Sin login: zero friction, abrir y usar.

No-objetivos (boundaries vinculantes)

No indexa el contenido fotografiado. Cada uso es ephemeral — procesado in-memory, descartado.
No sube imagen a cloud sin consentimiento explícito.
No reemplaza JW Library. Es complemento para libros físicos.
No soporta video continuo (battery drain) — captura en demanda o snapshot cada 2-3s.
No vende suscripción. Free + open source.

Decisión clave: ¿PWA vs app nativa?

Opción A — App nativa (Capacitor iOS+Android)

Pros: Acceso completo a cámara, mejor performance, push notifs.
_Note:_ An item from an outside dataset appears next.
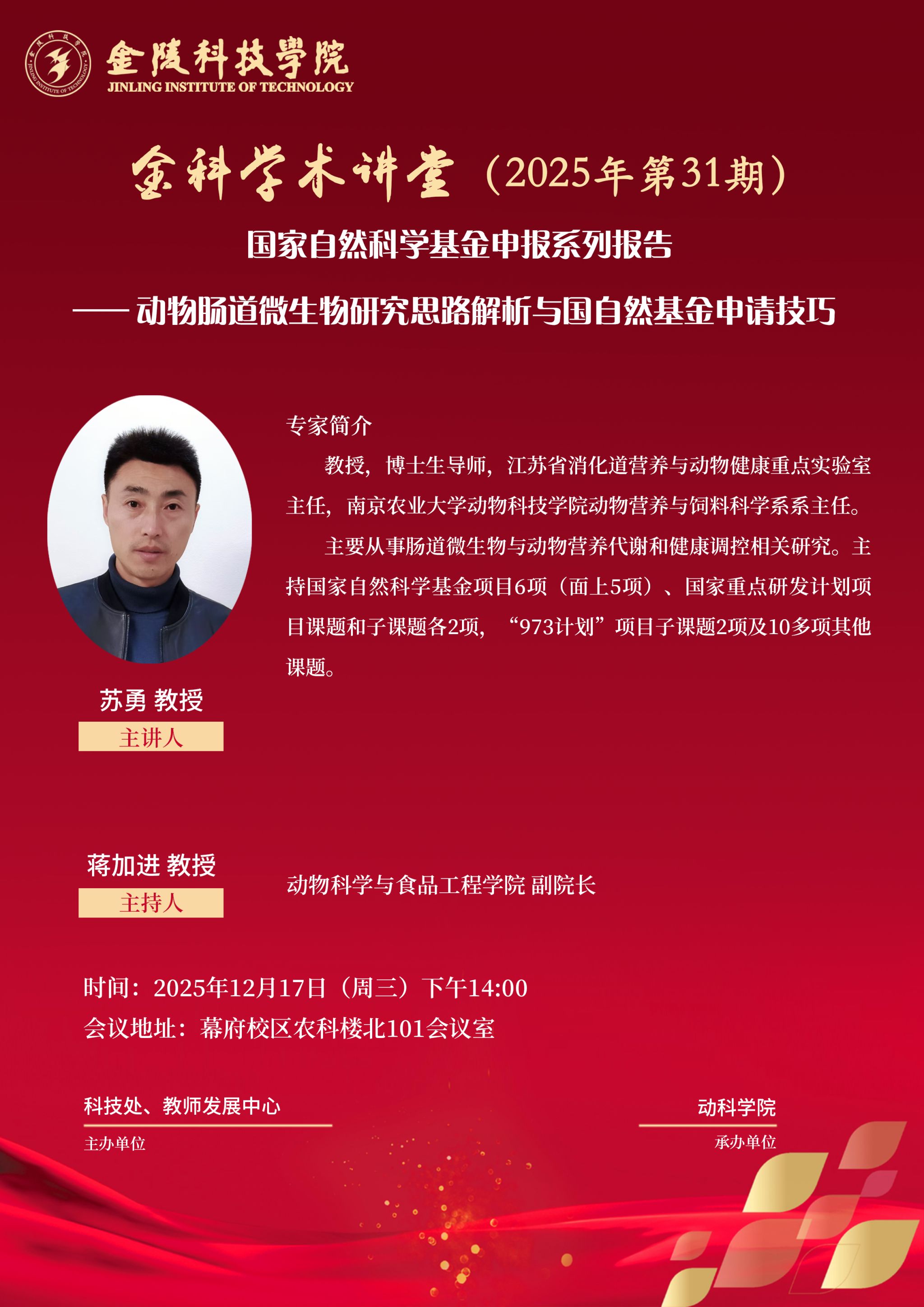 关于举办线下“金科学术讲堂:国家自然科学基金申报系列报告——动物肠道微生物研究思路解析与国自然基金申请技巧”学术报告的通知
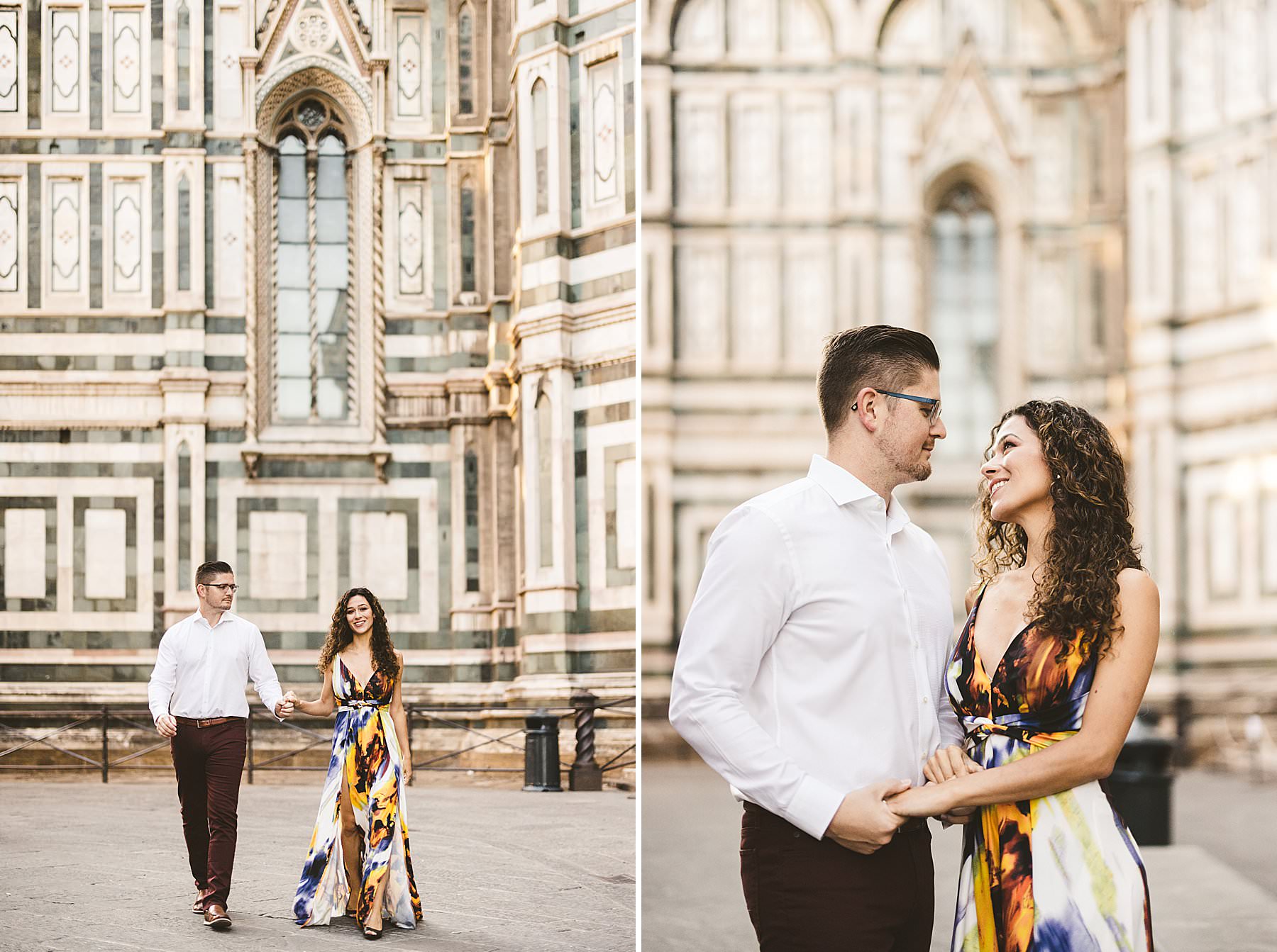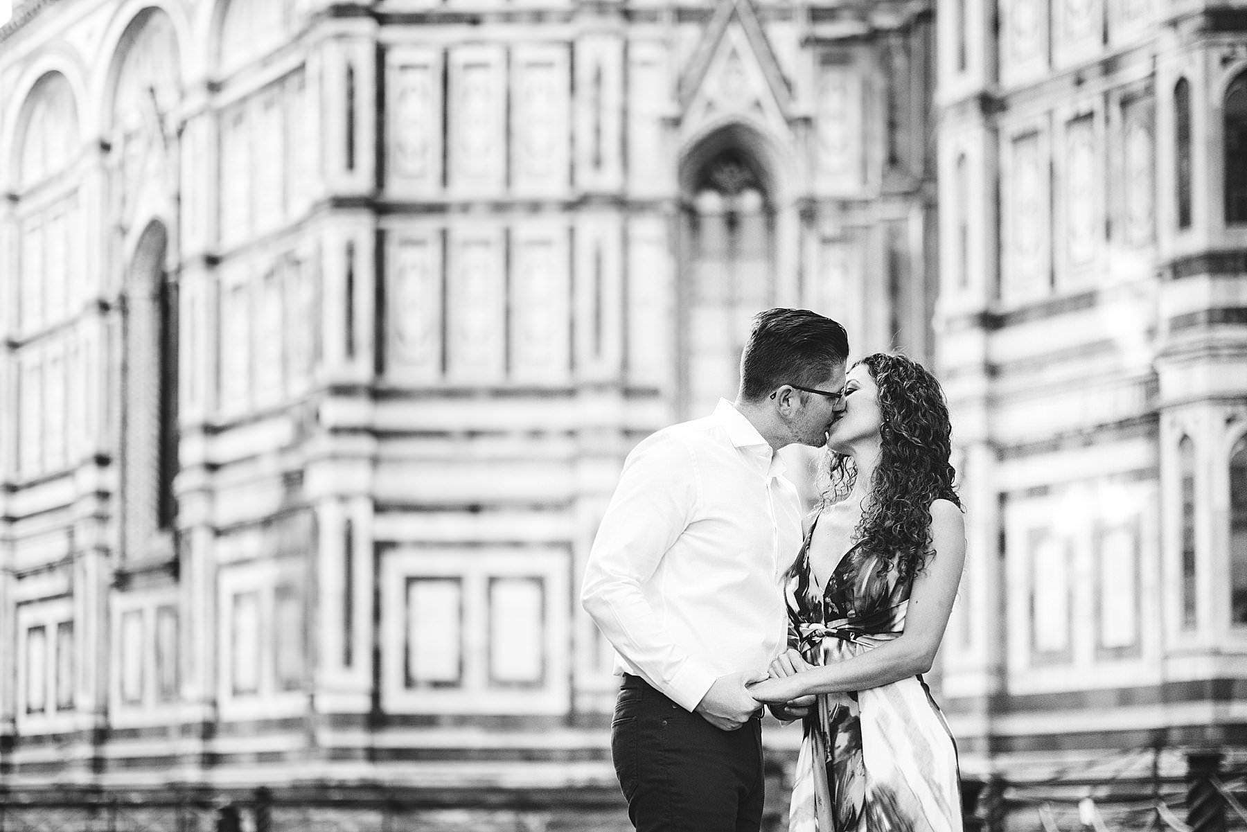 Exciting honeymoon walk tour photography in Florence at sunrise. Photo by the Italian elegant creative and modern engagement photographer in Tuscany based in Florence Gabriele Fani

Contras: store submission, cycles de approval, 2 codebases.

Opción B — PWA progresiva

Pros: Single codebase TS, instalable como app via manifest.json, acceso a cámara via getUserMedia, offline via Service Worker. Contras: Limitaciones de cámara nativa (sin focus manual fino).

Opción C — Capacitor wrap de PWA

Lo mejor de ambos: PWA es source-of-truth, Capacitor empaqueta para stores cuando sea necesario. Es lo que F47 jw-core-js ya prepara.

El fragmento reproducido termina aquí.